In scenario one, I get in my car and drive across the country in heavy traffic, nonstop for five or six hours, stopping once or twice to refuel the car, maybe changing a tire or two.

In scenario two, I wake up in the morning, gather up some assorted friends and family, and we toss around the ol’ pigskin for a couple of hours.

Now which one of those two scenarios involves a sport? If you answered scenario two, you clearly have the ability to use common sense. If you answered scenario one, you are probably one of the incredibly incorrect people who operate under the assumption that NASCAR is a sport.

Don’t get me wrong; I can appreciate the value of a good stock car race. I grew up in a very pro-racing household, so I’ve watched, and enjoyed, plenty of races. But I don’t know where we got the idea that NASCAR was on the same level as, say, the NBA or the NFL.
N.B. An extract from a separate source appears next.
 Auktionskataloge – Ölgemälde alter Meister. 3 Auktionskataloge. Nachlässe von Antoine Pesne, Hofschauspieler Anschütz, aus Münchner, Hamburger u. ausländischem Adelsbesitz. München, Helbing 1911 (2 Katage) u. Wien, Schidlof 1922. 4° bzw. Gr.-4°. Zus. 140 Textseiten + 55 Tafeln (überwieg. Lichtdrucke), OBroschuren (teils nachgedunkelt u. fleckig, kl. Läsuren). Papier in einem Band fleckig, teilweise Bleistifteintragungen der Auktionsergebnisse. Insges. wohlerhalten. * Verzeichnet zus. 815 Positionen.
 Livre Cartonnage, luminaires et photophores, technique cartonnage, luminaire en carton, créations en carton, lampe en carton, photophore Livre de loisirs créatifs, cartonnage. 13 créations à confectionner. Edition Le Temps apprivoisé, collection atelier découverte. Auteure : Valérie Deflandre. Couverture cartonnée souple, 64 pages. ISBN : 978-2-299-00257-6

If NASCAR were a sport, then we would have to consider the drivers to be professional athletes. If the drivers were athletes, their bodies wouldn’t be able to withstand NASCAR’s preposterously long 10-month season. The longest season on any of the big three major sports — NFL, NBA, and MLB — is the six months it takes to decide baseball’s champion.
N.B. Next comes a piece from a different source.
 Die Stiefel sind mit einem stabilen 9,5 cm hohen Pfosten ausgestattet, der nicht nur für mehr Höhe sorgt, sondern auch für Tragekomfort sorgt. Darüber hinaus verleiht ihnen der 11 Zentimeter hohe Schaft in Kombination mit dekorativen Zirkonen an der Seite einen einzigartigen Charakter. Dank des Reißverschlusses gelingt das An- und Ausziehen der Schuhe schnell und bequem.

Some make the argument that drivers are so unbelievably talented that NASCAR should be considered a sport. Yes, the drivers are very talented. But at the end of the day, how would they fare without the car? In other sports, such as golf and tennis, the athlete is in direct control of the device, be it the racket or the golf club, and must physically relocate himself or herself towards the ball. With NASCAR, the driver walks to the car … and then sits down for five or six hours. Doesn’t that make the driver less of an athlete and more of a skilled machinist?

Somehow, we’ve moved from judging athletics by their actual athleticism to judging them more by their popularity. Soccer, which is only popular for reasons that rhyme with World Cup or Olympics, has some of the best athletes in the world. Tennis is the same story. But we simply discredit these sports because they’re too European and don’t hearken back to the days of moonshine bootlegging.

So what, other than crazy popularity, makes NASCAR a sport? The drivers are immensely talented, but that doesn’t make them athletes. It has recently developed a playoff system as a way to disguise it as a sport, but it still runs on a point system instead of win-loss like every other major professional sport. And where else is a competition immediately followed by an interview that name-drops the driver’s five different major sponsors with a thick southern accent sprinkled in just for the fun of it?

Skill isn’t the same thing as athleticism. If it was, everyone that was skilled in their particular field — be it agriculture, business, research or whatever else is considered a career option these days — would be considered athletes.

Let’s draw the line at the same place we drop the green flag.